■ PROBLEM STATEMENT ■
The entries are to be given back verbatim; no picture is to be copied.
RECORDED DATA START
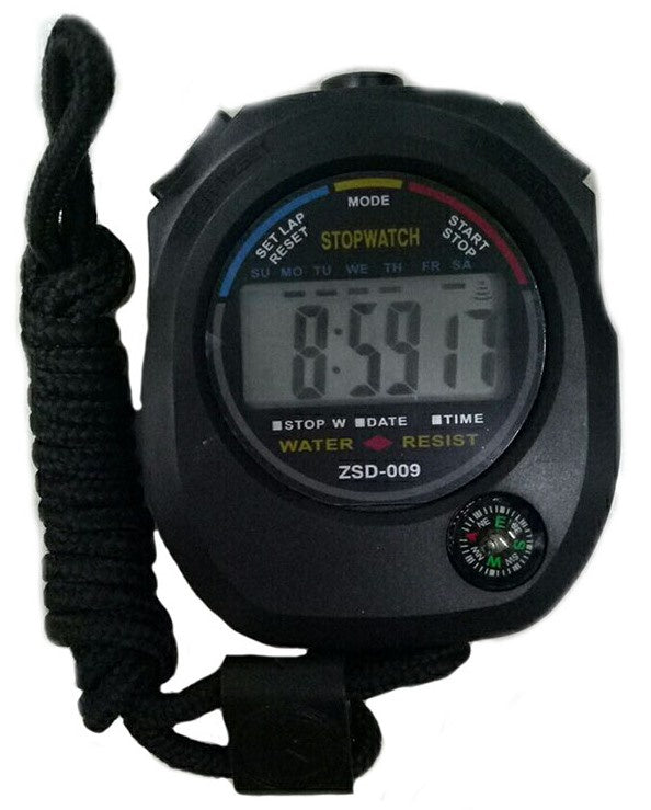 Hand held stopwatch with thumb and forefinger control. Accurate to 1/100 of a second. Features split/lap time, 12 and 24 hour time, alarm, date functions and a handy wrist/neck strap. Stop watch is water resistant.
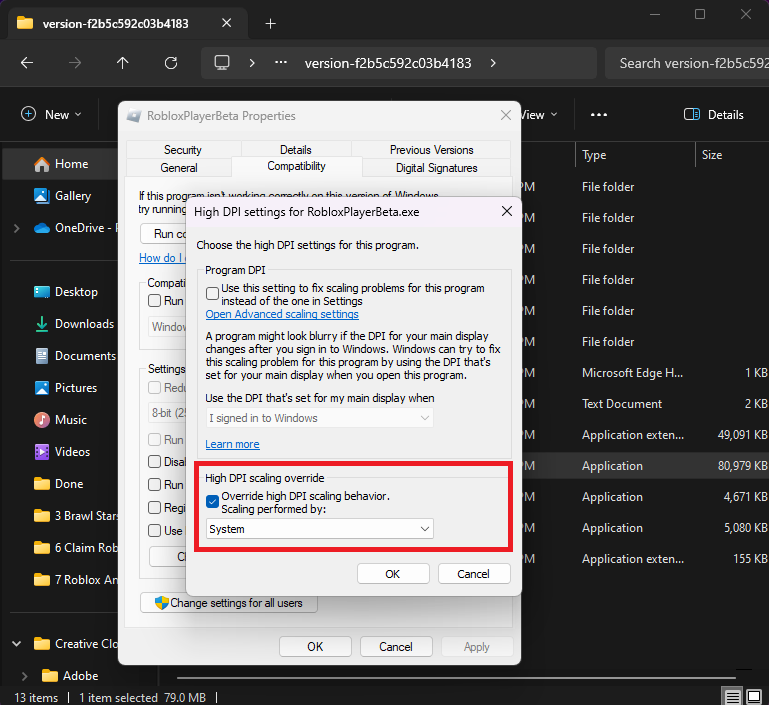 Roblox-egenskaber > Kompatibilitet > Tilsidesættelse af høj DPI-skalering
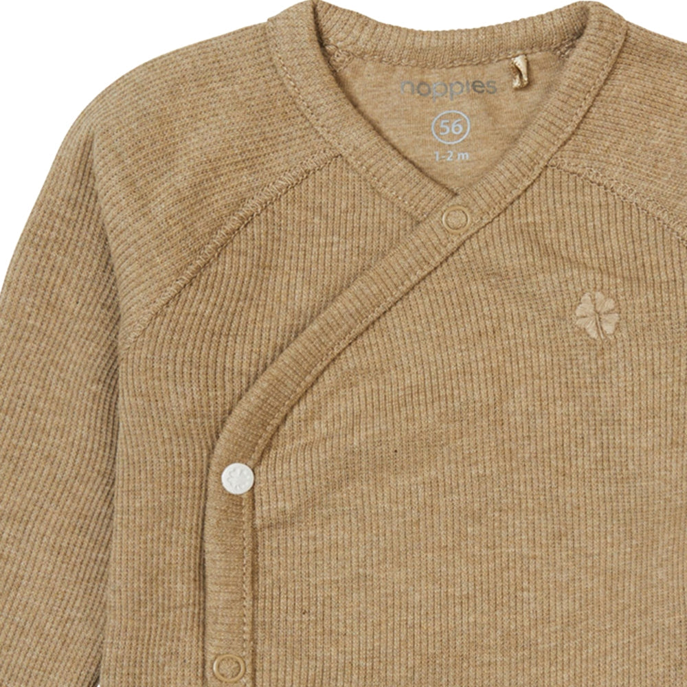 Je vyrobeno z měkké žebrované tkaniny, která poskytuje pohodlí a volnost pohybu. Dlouhé rukávy jsou ideální pro chladnější dny a neutrální barva usnadňuje vytváření kombinací s dalšími oděvy - lze ji kombinovat s odpovídajícími kalhotami a čepičkou ze stejné kolekce.
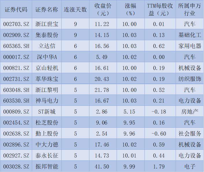 漲停方面,有82只個股漲停,其中,有14只漲停股,股價已連續上漲超過5個交易日。跌停方面,有8只個股跌停。從行業角度看,汽車行業漲停個股數量居首,達到17只,緊隨其后的是機械設備和電力設備,漲停股數分別為13只和9只。
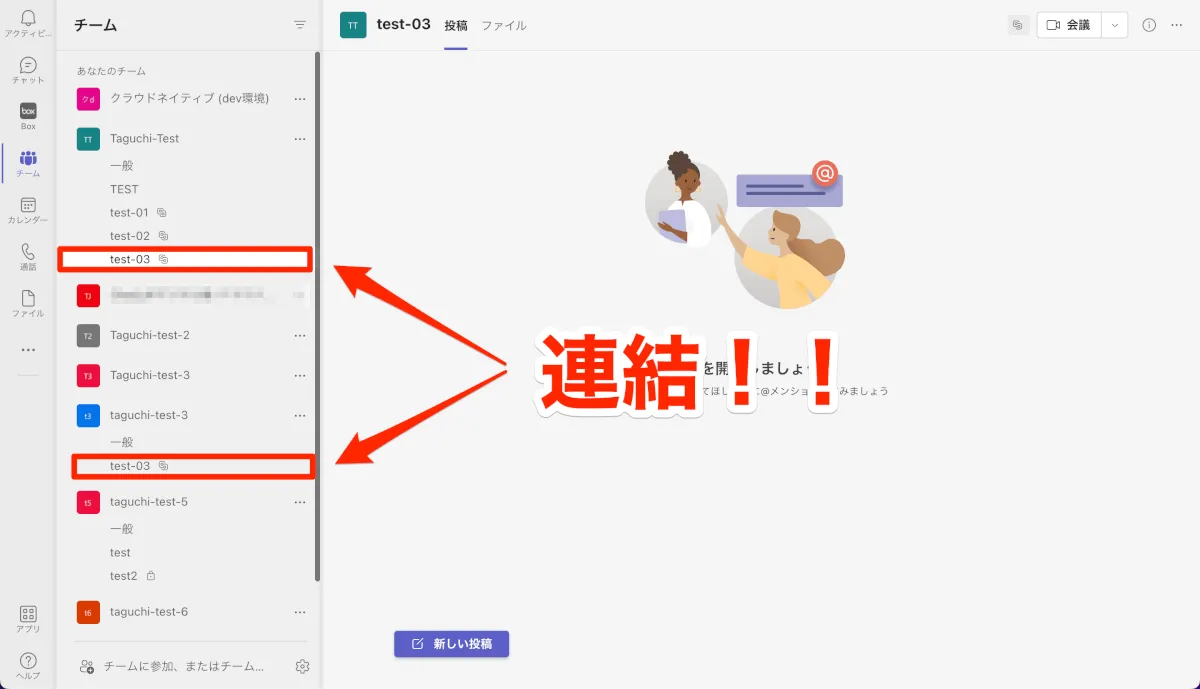 一方、「自分が所属するチームと」というオプションは、端的にいうと「社内のチーム同士を接続する」設定です。下記の図では「taguchi-test」というチームと「taguchi-test-3」というチームを連結しております。
RECORDED DATA END
■ REPLY TO THE EXERCISE ■
 Hand held stopwatch with thumb and forefinger control. Accurate to 1/100 of a second. Features split/lap time, 12 and 24 hour time, alarm, date functions and a handy wrist/neck strap. Stop watch is water resistant.
 Roblox-egenskaber > Kompatibilitet > Tilsidesættelse af høj DPI-skalering
 Je vyrobeno z měkké žebrované tkaniny, která poskytuje pohodlí a volnost pohybu. Dlouhé rukávy jsou ideální pro chladnější dny a neutrální barva usnadňuje vytváření kombinací s dalšími oděvy - lze ji kombinovat s odpovídajícími kalhotami a čepičkou ze stejné kolekce.
 漲停方面,有82只個股漲停,其中,有14只漲停股,股價已連續上漲超過5個交易日。跌停方面,有8只個股跌停。從行業角度看,汽車行業漲停個股數量居首,達到17只,緊隨其后的是機械設備和電力設備,漲停股數分別為13只和9只。
 一方、「自分が所属するチームと」というオプションは、端的にいうと「社内のチーム同士を接続する」設定です。下記の図では「taguchi-test」というチームと「taguchi-test-3」というチームを連結しております。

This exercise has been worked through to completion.